C’était sympa. Sans plus… mais sympa !
Ce qui n’était pas gagné d’avance, ce Creed 3 présentant tout de même deux raisons d’inquiétude majeures : l’absence de Stallone/Rocky (le cœur et l’âme de la franchise) d’abord, et la présence de Michael B. Jordan à la mise en scène (pour sa première expérience en la matière) ensuite. Deux évolutions notables et pour le moins casse-gueule, qui me faisaient en conséquence appréhender ce neuvième opus plus qu’aucun autre jusqu’alors (dit-il en ayant pris le train en marche avec Rocky 6). Mine de rien, le doute se posait : Creed (le personnage comme la franchise) allait-il survivre à Rocky ? et son interprète se muer pour l’occasion en réalisateur digne de ce nom ?
A ces deux questions je vous réponds « oui… mais sans éclat ».
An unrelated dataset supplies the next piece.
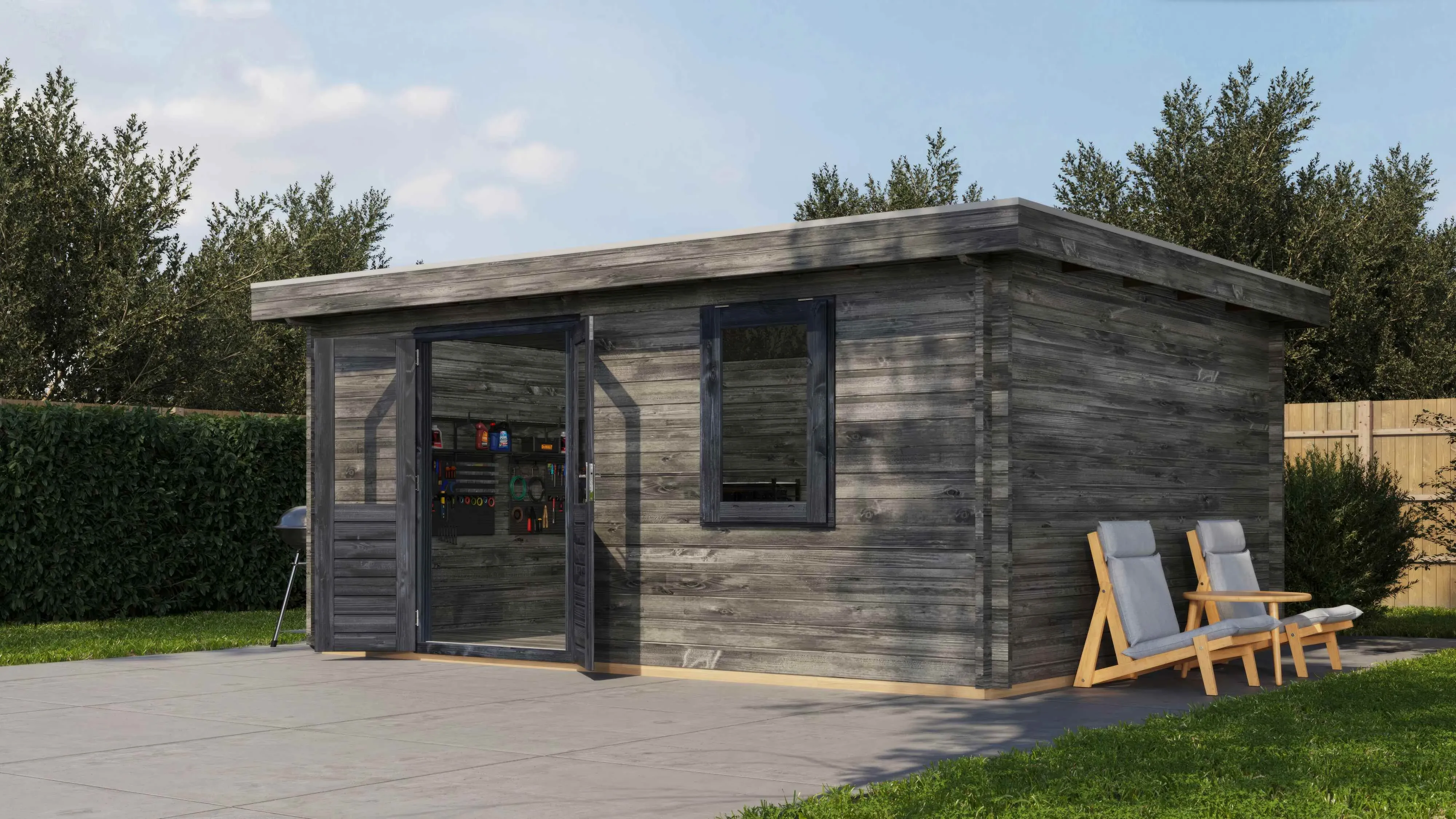 Das Lugarde Select Blockhaus verbindet traditionelle Holzbauweise mit moderner Funktionalität. Mit einer Grundfläche von 500 × 400 cm bietet es vielseitige Nutzungsmöglichkeiten für Ihren Garten.

Alors fort heureusement, Michael B. Jordan n’est pas con ; il a bien compris qu’il ne pourrait pas porter seul cet épisode de transition et que, sans Stallone en binôme, il lui faudrait dégainer un nouveau poids lourd pour compenser le vide laissé par son mentor légendaire (dont le sort depuis la fin du 2 reste bien mystérieux ici). Et j’en viens donc tout de suite au grand atout de ce troisième opus : son méchant. Dont la relation avec Adonis est au cœur de ce Creed 3, et prend – toute – la place autrefois occupée par la relation entre Adonis et Rocky. Cela pour le meilleur, puisque Jonathan Majors en impose clairement dans le rôle.
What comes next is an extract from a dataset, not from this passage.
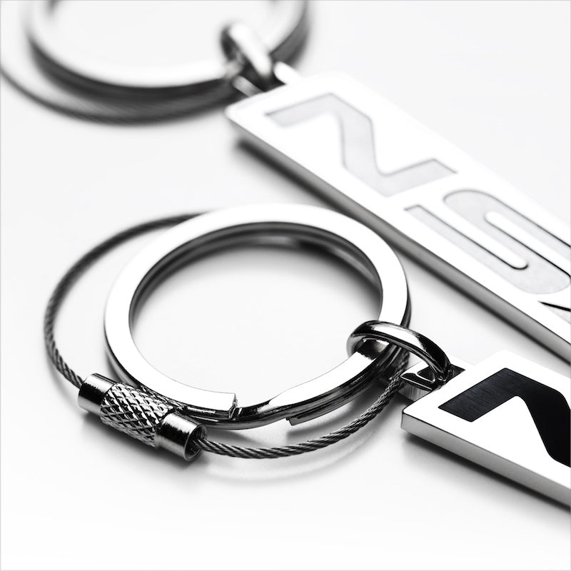 The key ring is the NSX logo, which is full of innovation and speed. The logo part has a black gloss finish. A metal key ring that gives a high-quality impression with the contrast between the glossy silver shine and the black NSX logo. Size: Approximately 12 (vertical) x 71 (horizontal) x 2 (thickness) mm (excluding ring part) Material: Brass, MADE IN CHINA

Après quatre films de vaches maigres en la matière (à rebours : le Drago junior de Creed 2 était un bœuf sans charisme éclipsé par son père – la réelle attraction du film –, le Ricky Conlan de Creed 1 un méchant contractuel déjà sans charisme, le Mason Dixon de Rocky 6 la même chose mais avec un pseudo cool, et le Tommy Gunn de Rocky 5 une putain de tête à claques – qui s’en prenait fort heureusement plus d’une à la fin), ce Creed 3 prend ainsi le parti de capitaliser un max sur sa figure de rival et nous sort rien de moins que le meilleur adversaire de la franchise depuis Drago père (même si ce Damian Anderson partagerait plus avec Clubber Lang).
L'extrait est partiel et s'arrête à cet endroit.